* **TASK MATERIAL**:
================
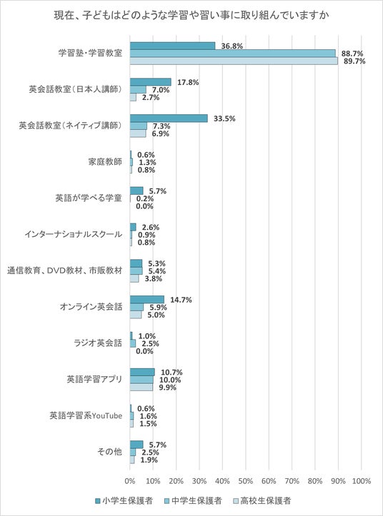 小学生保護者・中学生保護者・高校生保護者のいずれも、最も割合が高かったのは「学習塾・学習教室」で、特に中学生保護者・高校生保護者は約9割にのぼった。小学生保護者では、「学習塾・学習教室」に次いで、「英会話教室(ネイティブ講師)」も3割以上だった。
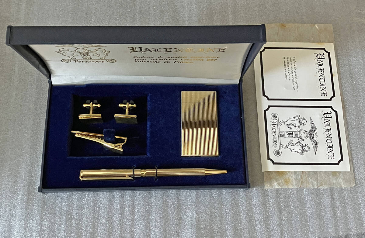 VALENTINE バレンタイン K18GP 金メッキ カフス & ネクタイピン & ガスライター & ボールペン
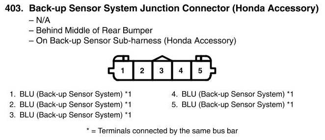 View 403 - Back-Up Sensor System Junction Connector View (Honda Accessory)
================
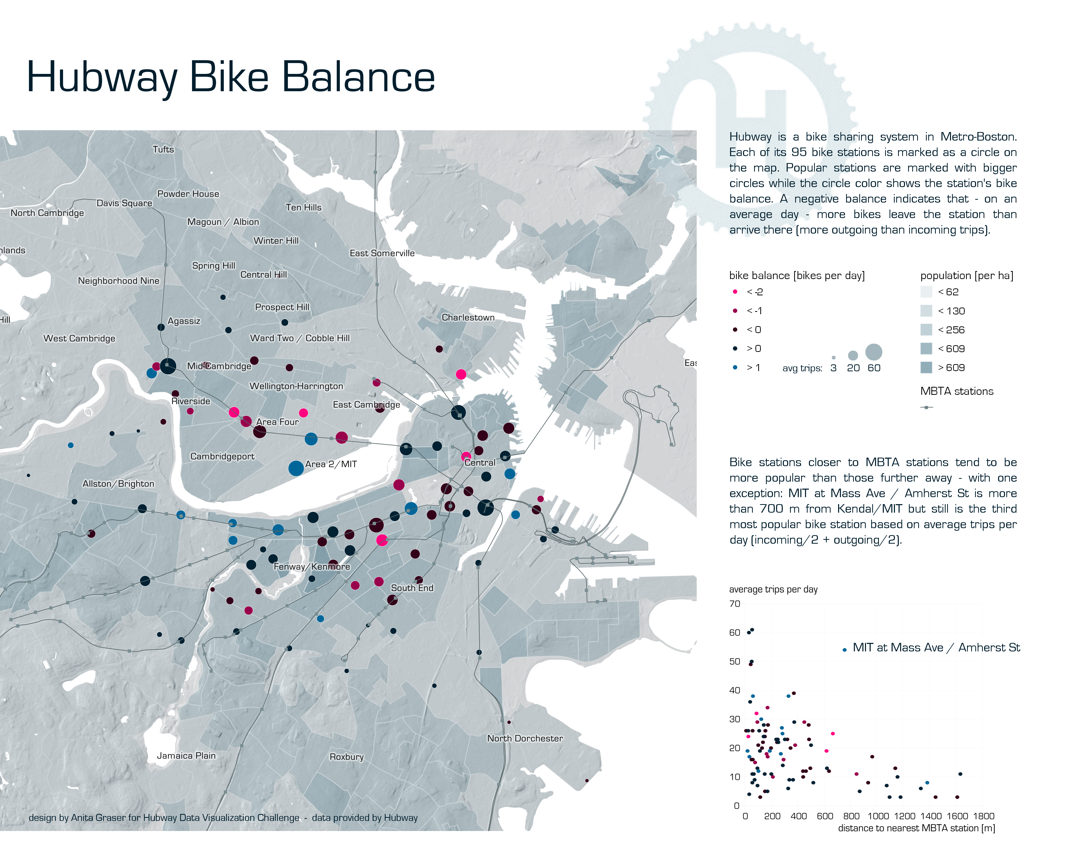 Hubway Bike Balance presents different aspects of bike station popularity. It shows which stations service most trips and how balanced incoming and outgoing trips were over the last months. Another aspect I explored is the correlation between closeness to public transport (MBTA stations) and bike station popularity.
================
* **WHAT YOU SHOULD DO**: Starting with the line that contains "小学生保護者・中学生保護者・" and finishing with the line that contains "View 403 - Back-Up", reproduce every line of the material above exactly, but not the pictures.

* **ANSWER TO THIS TASK**:
 小学生保護者・中学生保護者・高校生保護者のいずれも、最も割合が高かったのは「学習塾・学習教室」で、特に中学生保護者・高校生保護者は約9割にのぼった。小学生保護者では、「学習塾・学習教室」に次いで、「英会話教室(ネイティブ講師)」も3割以上だった。
 VALENTINE バレンタイン K18GP 金メッキ カフス & ネクタイピン & ガスライター & ボールペン
 View 403 - Back-Up Sensor System Junction Connector View (Honda Accessory)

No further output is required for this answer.